Do you need to receive a Covid-19 vaccination if you have already had the new Corona virus before and recovered?

Or will receiving vaccination be limited to people who have not been infected with the Coronavirus?

The answer is: We don't know yet, and there is an ongoing debate.

So far, vaccine trials have focused on people who have not been exposed to the Corona virus, so the effect of vaccination on people who have been exposed to it is unclear, according to a report by the British newspaper (The Guardian).

However, given that immunity to the Corona virus wanes over time, it is likely that it will be worth getting vaccinated.

Professor Robin Shattuck, Head of the Department of Mucosal Infection and Immunology at Imperial College London, says, “The level of immunity from natural infection is variable, so some people get a very strong immune response, and some people have a very weak immune response, the vaccine will enhance your immune response, and we hope that Provides longer protection. "

Booster doses

Even after people are vaccinated, they may need additional booster doses to keep their immunity high.

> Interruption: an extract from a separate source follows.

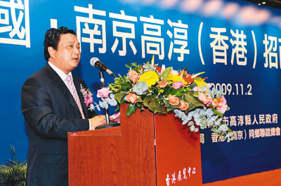 高淳縣縣長謝躍進在致辭中介紹,高淳地理區位獨特,距離南京祿口國際機場僅半小時車程,陸路高速公路東南可直達上海、浙江沿海,往西通聯合肥、武漢等內陸地區,水路直通長江和太湖流域,是境內外資本進入長三角、開拓華東市場群的重要平台。謝躍進表示,當地把建設一流的投資環境視作對外合作的生命線,而在港推介旨在加強與香港工商界人士的交流合作,抓住產業轉移新一輪機遇。

Dr. Moncef Al-Salawi, scientific head of Operation Warp Speed ​​- a public and private government partnership to facilitate the development and manufacture of the Covid 19 vaccine - says that in the experiments on the vaccine, people were recruited on the basis that they did not have COVID-19 clinically. Between 5 and 10% of people who are recruited are likely to have the disease without symptoms or very mild symptoms and have not noticed it, according to NEWSWEEK.

Al-Salawi explained that what we know is that vaccines are safe in this group, and very large numbers of them have been immunized, and their immune responses are analyzed.

Dr Mark Seidner, an infectious disease physician and clinical epidemiologist at Massachusetts General Hospital, says that there is not enough evidence to know whether vaccination benefits those with previous infections.

"On the one hand, we know that some people, especially those with weakened immune systems, remain at risk of re-infection," Seidner told Newsweek, "but on the other hand, recurrence appears to be an incredibly rare phenomenon."

Re-infection

As for Dr. David Thomas, professor of medicine and director of the infectious diseases department at Johns Hopkins University School of Medicine, he said in a statement to NBC News, "The general recommendation is to get the vaccine even if you have been infected before," adding that "" There are some subtle questions that we do not have an answer to yet, but from what we know now, it is the right thing to do. "

It is believed that re-infection with Covid-19 is rare, but if normal antibody levels diminish over time, a person may be infected more than once.

That is why some doctors and infectious disease experts argue that most people should be vaccinated even if they have normal protective immunity.